EXERCISE:
Please give back, word for word, only the lines starting at the one containing "Правила в природном" and ending at the one containing "- オーガニック国産大麦若葉" within the material below.

*** Opening of TASK MATERIAL ***

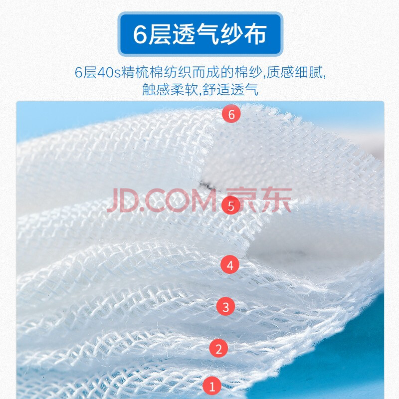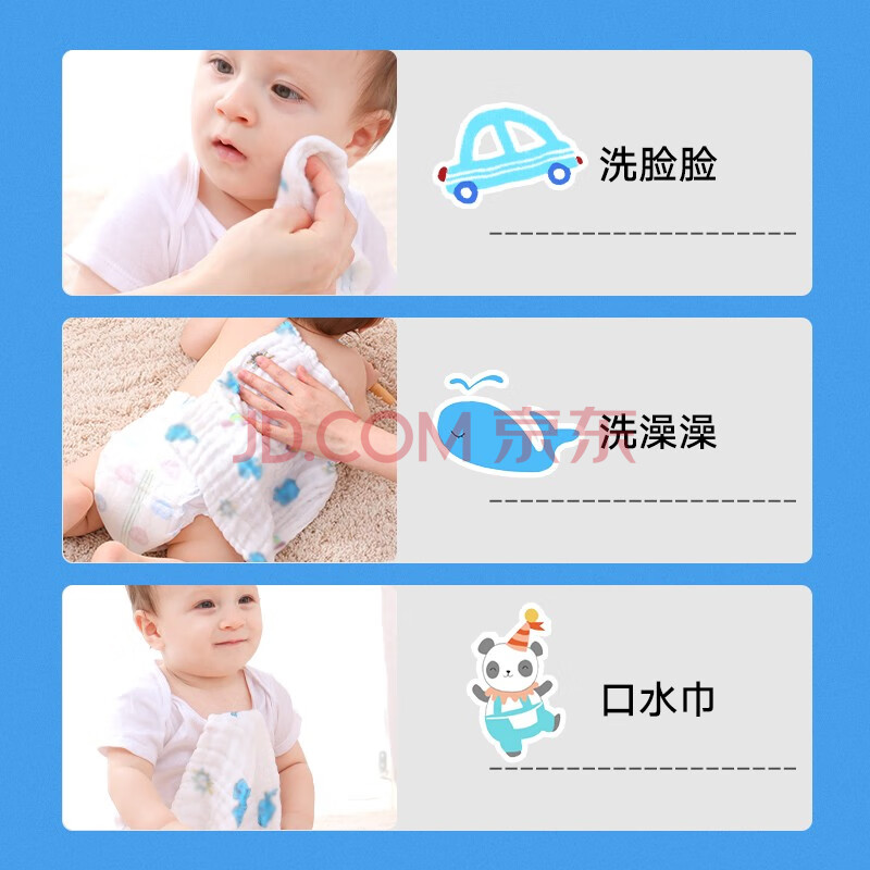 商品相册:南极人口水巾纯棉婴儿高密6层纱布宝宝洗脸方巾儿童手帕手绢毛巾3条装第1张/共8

*** Close of TASK MATERIAL ***
*** Opening of TASK MATERIAL ***

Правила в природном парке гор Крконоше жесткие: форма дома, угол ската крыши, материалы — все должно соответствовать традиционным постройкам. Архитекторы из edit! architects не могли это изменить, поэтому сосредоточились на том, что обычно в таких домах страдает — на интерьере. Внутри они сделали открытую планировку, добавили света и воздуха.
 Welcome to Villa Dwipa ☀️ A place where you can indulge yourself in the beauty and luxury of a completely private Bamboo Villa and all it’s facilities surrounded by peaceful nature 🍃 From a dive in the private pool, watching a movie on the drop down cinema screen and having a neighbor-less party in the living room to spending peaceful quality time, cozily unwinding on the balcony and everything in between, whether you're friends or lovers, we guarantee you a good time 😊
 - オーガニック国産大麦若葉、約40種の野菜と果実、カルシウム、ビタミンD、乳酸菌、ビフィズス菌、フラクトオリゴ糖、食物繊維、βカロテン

*** Close of TASK MATERIAL ***

WORKED SOLUTION:
Правила в природном парке гор Крконоше жесткие: форма дома, угол ската крыши, материалы — все должно соответствовать традиционным постройкам. Архитекторы из edit! architects не могли это изменить, поэтому сосредоточились на том, что обычно в таких домах страдает — на интерьере. Внутри они сделали открытую планировку, добавили света и воздуха.
 Welcome to Villa Dwipa ☀️ A place where you can indulge yourself in the beauty and luxury of a completely private Bamboo Villa and all it’s facilities surrounded by peaceful nature 🍃 From a dive in the private pool, watching a movie on the drop down cinema screen and having a neighbor-less party in the living room to spending peaceful quality time, cozily unwinding on the balcony and everything in between, whether you're friends or lovers, we guarantee you a good time 😊
 - オーガニック国産大麦若葉、約40種の野菜と果実、カルシウム、ビタミンD、乳酸菌、ビフィズス菌、フラクトオリゴ糖、食物繊維、βカロテン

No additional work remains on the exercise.